If you Google "sanctuary city" you'll find Salt Lake on a list with a dozen others across the U.S, on websites for immigration attorneys and Wikipedia.

"What we are going to do is get the people that are criminal and have criminal records, gang members, drug dealers, where a lot of these people, probably 2 million, it could be even 3 million, we are getting them out of our country,” Trump said as he sat down for an interview for CBS's "60 Minutes," that aired Sunday.

The president-elect not only promised to rid the country of criminals in the country illegally in his first 100 days, but also "cancel all funding to sanctuary cities."

Mayor Rahm Emanuel in Chicago reacted, telling his residents, "you are safe in Chicago.
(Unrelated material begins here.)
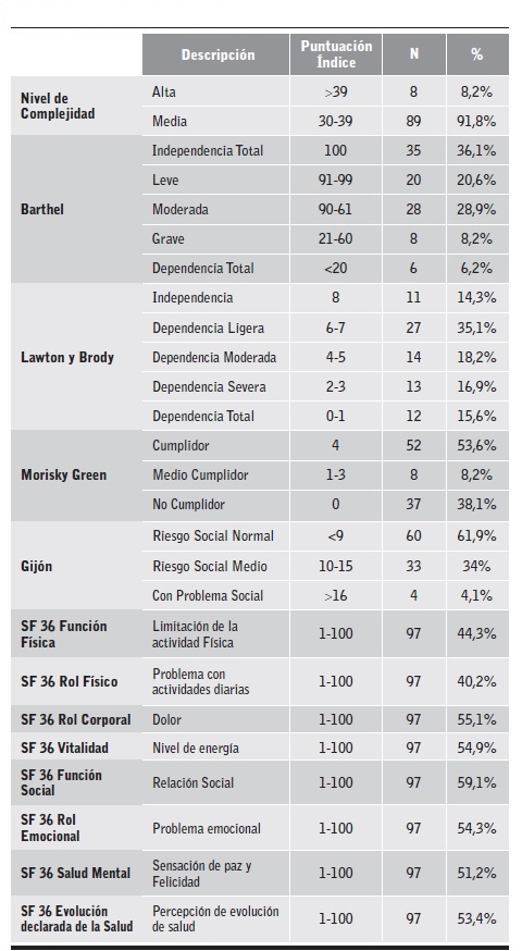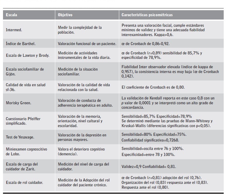 Los datos se obtuvieron en visitas domiciliarias individuales a pacientes y cuidadores familiares, realizadas por enfermeras gestoras de caso que recibieron entrenamiento. Se realizaron valoraciones multidimensionales (clínica, funcional, psicoafectiva, cognitiva y sociofamiliar) utilizando los instrumentos validados que se describen en la Tabla 2.

You are secure in Chicago, and you are supported in Chicago." His city is considered a sanctuary city.

The Salt Lake mayor's office and police department declined to go on camera but both stated the city is not technically a sanctuary city, but instead called it a "welcoming city."

Former SLCPD Chief Chris Burbank, who started the policies that look a lot like a sanctuary city, disagrees.
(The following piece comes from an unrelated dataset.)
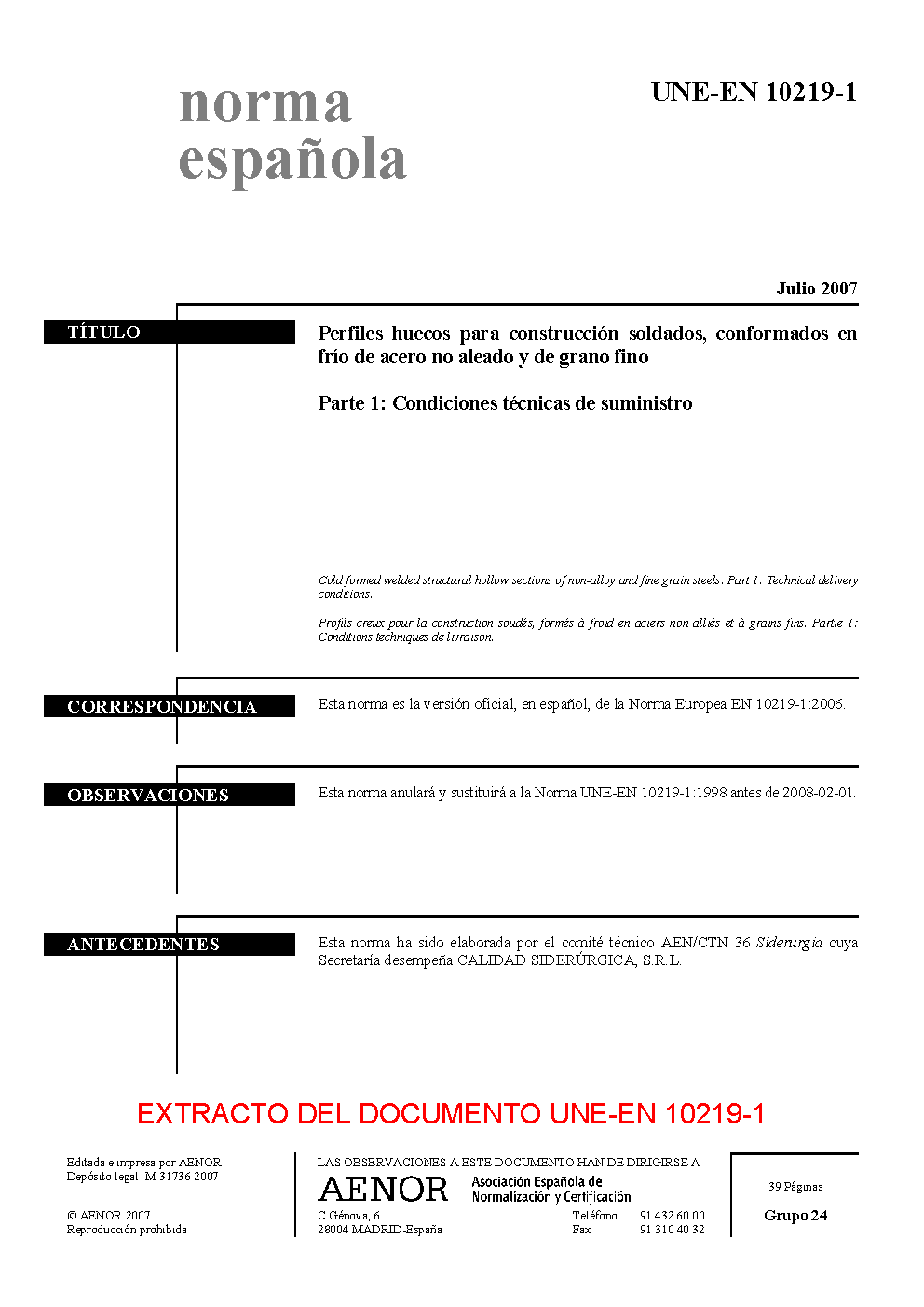 UNE-EN 10219-1:2007 ERRATUM:2010

“Yes we are. And it was something I was very proud of,” he said.

When Burbank was acting chief he worked to put policies in place to make Salt Lake a sanctuary city before the phrase existed. He noted that a police department takes care of criminal issues, not civil. Just like his police department did not knock on doors to get tax papers turned in, he did not feel like it was his duty to do the same for immigration status.

“I took a position and said officers in the Salt Lake City Police Department are not going to enforce immigration laws -- in fact we are not going to ask. The questions we care about are the health and well being of our city, not the status of our community.”

Current Police Chief Brown has a statement on his website stating Burbank’s policy, but without the title: "While salt lake city is not a so-called 'sanctuary city', our law enforcement model focuses on providing service and public safety to all citizens of our city, regardless of status or demographics."

A spokesperson for the police department said Salt Lake is not a sanctuary city because anyone arrested can be searched and pulled from the jails if they are undocumented.

Immigration officials have access to arrest records and citizenship status, something not available in sanctuary cities.

Brown's webpage reads:

In signing the letter to Chairman Grassley and Ranking Member Leahy, I and fellow Law Enforcement Immigration Task Force members are intending to change the narrative about law enforcement and its place in immigration enforcement.
In diverse cities across the nation, law enforcement officers battle for trust and work tirelessly to instill a model of community-oriented policing that will be negatively affected by efforts of our government to mandate immigrant-status checks within our tactics.
My goal in signing this letter is to conduct a dialogue with the Senate Judiciary Committee on focusing efforts on changing the immigration system rather than intensifying our local policing programs. While Salt Lake City is not a so-called ‘sanctuary city’, our law enforcement model focuses on providing service and public safety to all citizens of our city, regardless of status or demographics. Requiring police to enforce federal immigration law undermines the trust and cooperation of immigrant communities, which are an essential element of this community and our practice of community-oriented policing.
Additionally, we believe that defunding federal programs could adversely affect public safety in our community. I look forward to participating in further discussion with our decision makers, locally and federally, to find a positive solution to this complex issue.

A spokesperson for the Salt Lake City Police Department said Tuesday, that Salt Lake unlike sanctuary cities, does not control its own jail. Arrests made in the city go to the Salt Lake County jail where immigration status can be accessed by ICE agents. That distinction, the SLCPD believes, is enough to make Utah a city that doesn’t enforce immigration status but without actually acting as a sanctuary.